A general recovery in semiconductor stocks and a positive analyst note was the one-two combination Semtech (NASDAQ: SMTC) stock needed to have a good week on the market. The company's share price was almost 19% higher week to date as of early Friday morning, according to data compiled by S&P Global Market Intelligence.

A change in semi sentiment

The mid-summer period was hard on many semiconductor stocks and, by extension, numerous titles in the tech sector generally. Fear started to spread of corporate over-enthusiasm for artificial intelligence (AI), which could lead to a great deal of spending, quickly, on the technology.

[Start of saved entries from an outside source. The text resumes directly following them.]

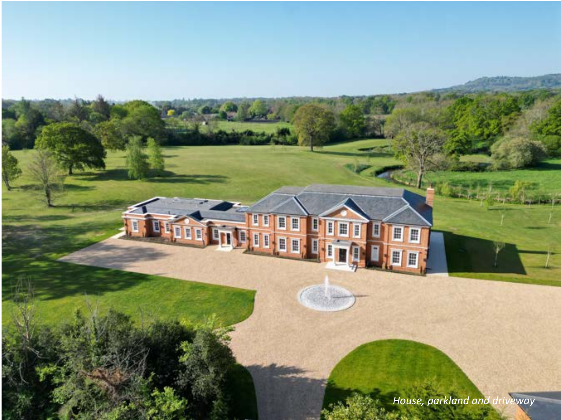
House, parkland and driveway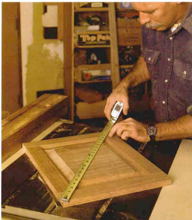
Checking for square. Before he glues up the door, the author checks the assembly for squareness by measuring the diagonals. When the diagonals are equal, the door is square.

The vertical bit (left photo, facing page) doesn't require a speed control or a large cutout in your router table. I used the vertical bit with my standard fence, which is 3¼ in. high. That's not quite high enough in my opinion. The cuts I got were a little bit wavy, although they could be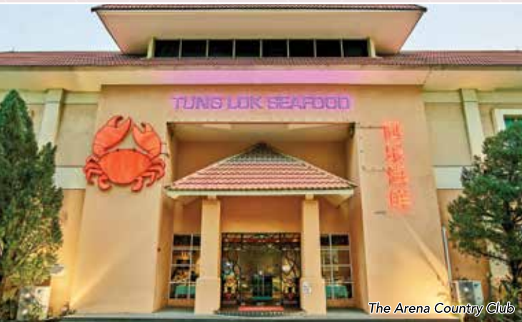
The Arena Country Club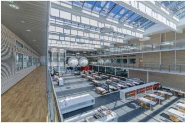
Personell restaurant 3rd floor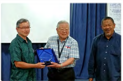
SCGM ND being presented with a token of appreciation by the Global Diaspora Network for hosting the consultation

This negative feeling affected semiconductor stocks too, likely because they would face challenges if demand for AI chips suddenly tanked on resulting pullbacks in spending.

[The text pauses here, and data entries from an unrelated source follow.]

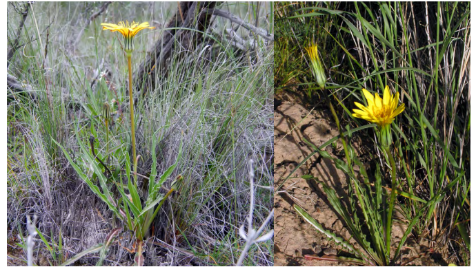
Figure 1. Sagebrush false dandelion plants in flower.

inches (5 to 15 cm) long and less than 0.4 inches (1 cm) wide (Cronquist 1955; Munz and Keck 1973; Taylor 1992). Leaf surfaces are glabrous or villous, and the margins are often wavy and ciliolate (Cronquist 1955; Chambers 2006).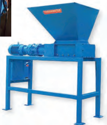
Right: The TASKMASTER TM1620 with a hopper and stand for gravity feed.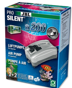
JBL PROSILENT a200 Air pump for fresh and saltwater aquariums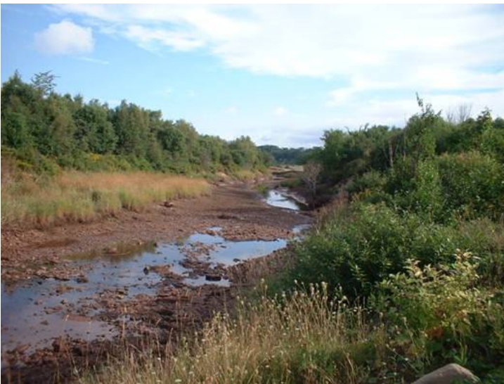
Figure 2. Downstream of bridge.

This week, that fearful sentiment seemed to change, with some of the top names associated with AI enjoying rallies. Not least of these were chip companies, with bellwether sector names like onetime highflier Nvidia taking to the skies again.

Adding to this bullish feeling for Semtech specifically was a positive note from an analyst tracking the stock. Before market open on Monday, Piper Sandler's Harsh Kumar reiterated his overweight -- buy, in other words -- recommendation on Semtech, and his $60 per share price target. His new research note was based on fresh conversations with management.

Future plans and potential should lead to growth

In that note, Kumar expressed his feeling that Semtech's semiconductor business will see significant improvements for the remainder of 2024 into next year. He also wrote that the company's new management team "is completely committed to the plan of de-levering the balance sheet through divestitures."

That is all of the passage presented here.